Beth Eden toprakları katı yasalarla yönetilse de Isis için bildiği tek ev ve tek dünyaydı.Bir kaç yıl önce en az kendisi kadar meraklı ve kuşkucu bir yapıya sahip olan erkek kardeşi Oppugno’nun yasaya karşı gelip toprakları terk etmesi ardından Isis sürekli göz altında tutulur olmuştu.Töreleri gereği Oppugno’nun sureti tüm taş yazıtlarından silinmiş,kalan aile üyelerine onu anmak bile yasaklanmıştı.O anda önünde durduğu taş duvar zamanında kendisi ve kardeşinin doğumlarının çizildiği duvardı.Kendisinden 2 dakika büyük olan ikizi Oppugno dün gece rüyasında kendisine gelmiş ve şu anda buraya geliş amacı olan mesajı anlamasını sağlamıştı.
Isis gece gördüğü rüyanın yorumlanması için Astrum’un yanına giderken içinden yasa koyucunun yasalarının arasındaki çelişkiyi fark edip etmediğini merak ediyordu.Tüm rahip ve rahibelerin gördükleri her rüyayı yorumlanması için tapınağa anlatmaları bir kuraldı ama aynı zamanda toprakları terk eden erkek kardeşinin anılmaması da bir kuraldı.
Astrum’un odasına girdiğinde annesi sabah ayinine hazırlanıyordu.Ayinden önce rüya yorumu için çok az zamanları olduğunu bildiğinden hemen konuya girdi.
-Sevgili baş rahibem,rüyamı anlatmak üzere geldim.Lütfen beni yasayı çiğnemekle itham etmeyin ama rüyamda kardeşimi gördüm.
Astrum büyümüş gözlerle kızına bakarken o anda içeride başka rahibe özellikle de Autus denen ve kendisine baş düşman olan kadının olmamasına çok sevinmişti.Autus Beth Eden ‘deki en güçlü ikinci ailenin kızı olmasına ve baş rahibeliğe aday olmasına rağmen kötü karakteri yüzünden bu mevki için hiç düşünülmemişti ve bunu değiştirip baş rahibeliği elde edebilmek için her kötülüğü sürekli yapmaya hazırdı.

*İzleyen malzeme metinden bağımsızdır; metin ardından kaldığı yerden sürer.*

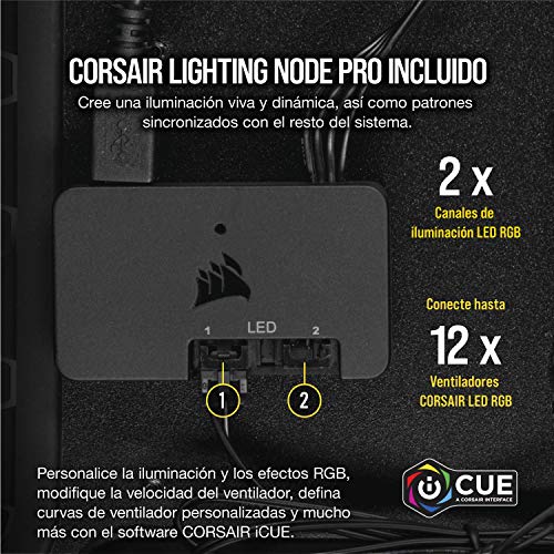 - El Corsair Lighting Node PRO incluido, permite disfrutar de efectos de iluminación dinámicos y asombrosos con otros dispositivos compatibles con Corsair Link

-Dinliyorum Isis.Birileri gelmeden bir an önce anlatman iyi olacaktır
-Günlerdir yağan yağmuru biliyorsunuz baş rahibem.Rüyamda Oppugno üzerinde bize ait olmayan giysilerle ve ıslak olarak yine bizimkilere hiç benzemeyen bir gemiyle Azul’den geldi.Yanındaki insanlar tapınağa teslim edilmesi gereken yabancılardandı.Gemisini yanaştırdığı yerde her nasılsa ben onu bekliyordum.Bana elini uzattı,elindeki taş tableti bana uzatırken sadece ‘’yaşamak istiyorsanız gitmelisiniz ‘’dedi.Taş tabletteki şekli de hatırlıyorum,daha önce hiç görmediğim bir dilin bir harfi idi ama her nasılsa yine ben o harfin anlamını biliyordum.Bana yaşam ışığını vermişti.Bu kadardır rüyam.
-Pekala,ayin sırasında rüyanın anlamı için de adak keseceğim.Şimdi acele etmeliyiz.Ve Isis,sevgili kızım lütfen geçen ayinde yaptığını tekrarlama.Imperatus ile yan yana geldiğini görmek istemiyorum.Her ne kadar o genç adamı takdir edip değerli bulsam da aileleri onun Autus ile evlenmesine karar vermiş durumda ve sen de bunu çok iyi biliyorsun.Imperatus senin için yasak olmalı.
Isis o adın geçmesiyle bile içindeki hiç dinmeyen acıyı hissetti tekrar.Imperatus ile çocukluk arkadaşıydılar.Ve aile büyüklerinin onun Autus ile evlenmesine karar vermesinden çok önce birbirlerine aşık olmuşlardı.Sevgilerini kaçamak olarak yaşarken evlilik gününe çok az kalması onları hepten çaresiz bırakmıştı.Ya Imperatus’un aklına gelen tek çözümü uygulayıp sevgileri uğruna yaşadıkları toprakları terk edeceklerdi ya da sevgiyi içlerine gömüp sonsuza kadar cezalı ruhlar olarak yaşayacaklardı.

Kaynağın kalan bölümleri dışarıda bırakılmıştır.